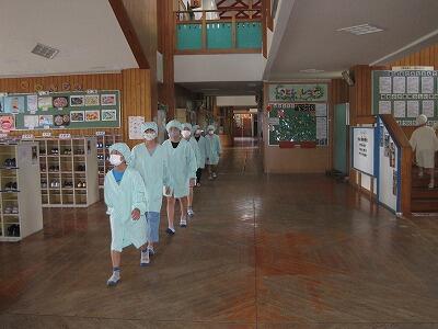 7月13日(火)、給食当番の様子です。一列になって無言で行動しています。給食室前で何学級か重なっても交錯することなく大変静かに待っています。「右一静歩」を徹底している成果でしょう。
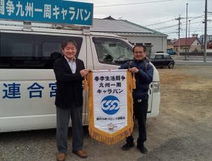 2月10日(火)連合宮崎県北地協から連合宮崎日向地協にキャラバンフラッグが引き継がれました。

--

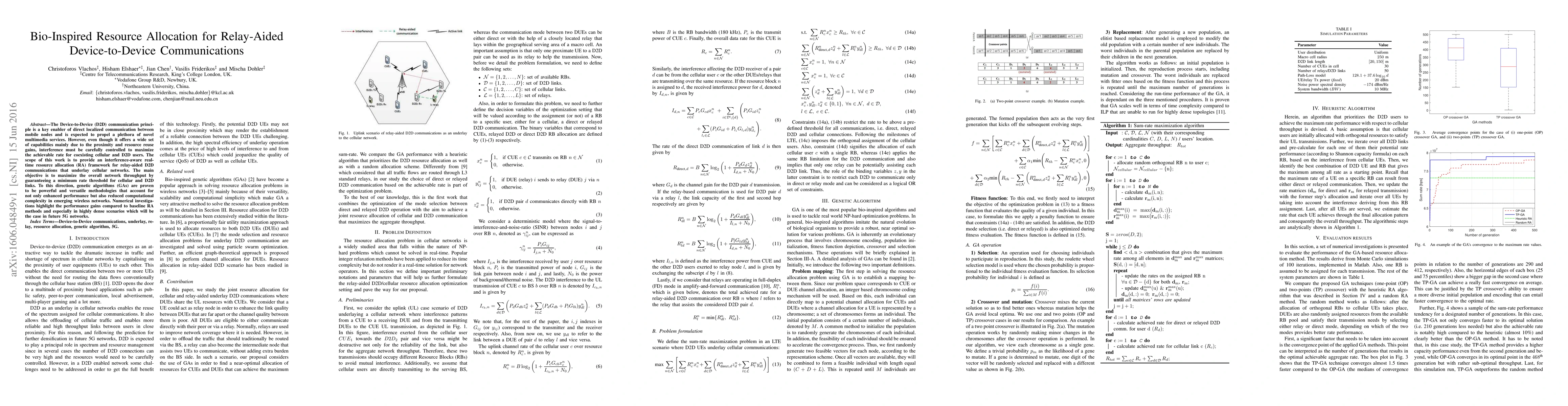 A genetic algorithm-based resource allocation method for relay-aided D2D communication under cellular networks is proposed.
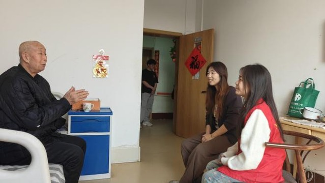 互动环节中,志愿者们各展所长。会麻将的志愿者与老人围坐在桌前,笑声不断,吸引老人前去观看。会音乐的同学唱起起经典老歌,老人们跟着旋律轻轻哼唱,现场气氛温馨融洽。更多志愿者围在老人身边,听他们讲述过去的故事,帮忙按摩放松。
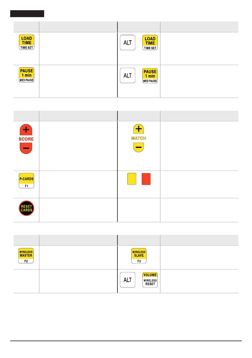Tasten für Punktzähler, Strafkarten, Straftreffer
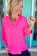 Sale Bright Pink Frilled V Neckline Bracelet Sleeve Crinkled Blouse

==

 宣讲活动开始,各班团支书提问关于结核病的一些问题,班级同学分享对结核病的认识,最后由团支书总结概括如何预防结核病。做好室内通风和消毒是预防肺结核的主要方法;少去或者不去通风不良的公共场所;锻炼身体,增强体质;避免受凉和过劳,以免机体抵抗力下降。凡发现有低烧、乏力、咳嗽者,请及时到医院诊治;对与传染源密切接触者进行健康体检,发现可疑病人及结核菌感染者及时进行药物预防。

— EXERCISE AIM —
Repeat only the stretch of data above that runs from the line with "A genetic algorithm-based" to the line with "Sale Bright Pink". Keep both end lines; exclude pictures.

— TASK ANSWER —
 A genetic algorithm-based resource allocation method for relay-aided D2D communication under cellular networks is proposed.
 互动环节中,志愿者们各展所长。会麻将的志愿者与老人围坐在桌前,笑声不断,吸引老人前去观看。会音乐的同学唱起起经典老歌,老人们跟着旋律轻轻哼唱,现场气氛温馨融洽。更多志愿者围在老人身边,听他们讲述过去的故事,帮忙按摩放松。
Tasten für Punktzähler, Strafkarten, Straftreffer
 Sale Bright Pink Frilled V Neckline Bracelet Sleeve Crinkled Blouse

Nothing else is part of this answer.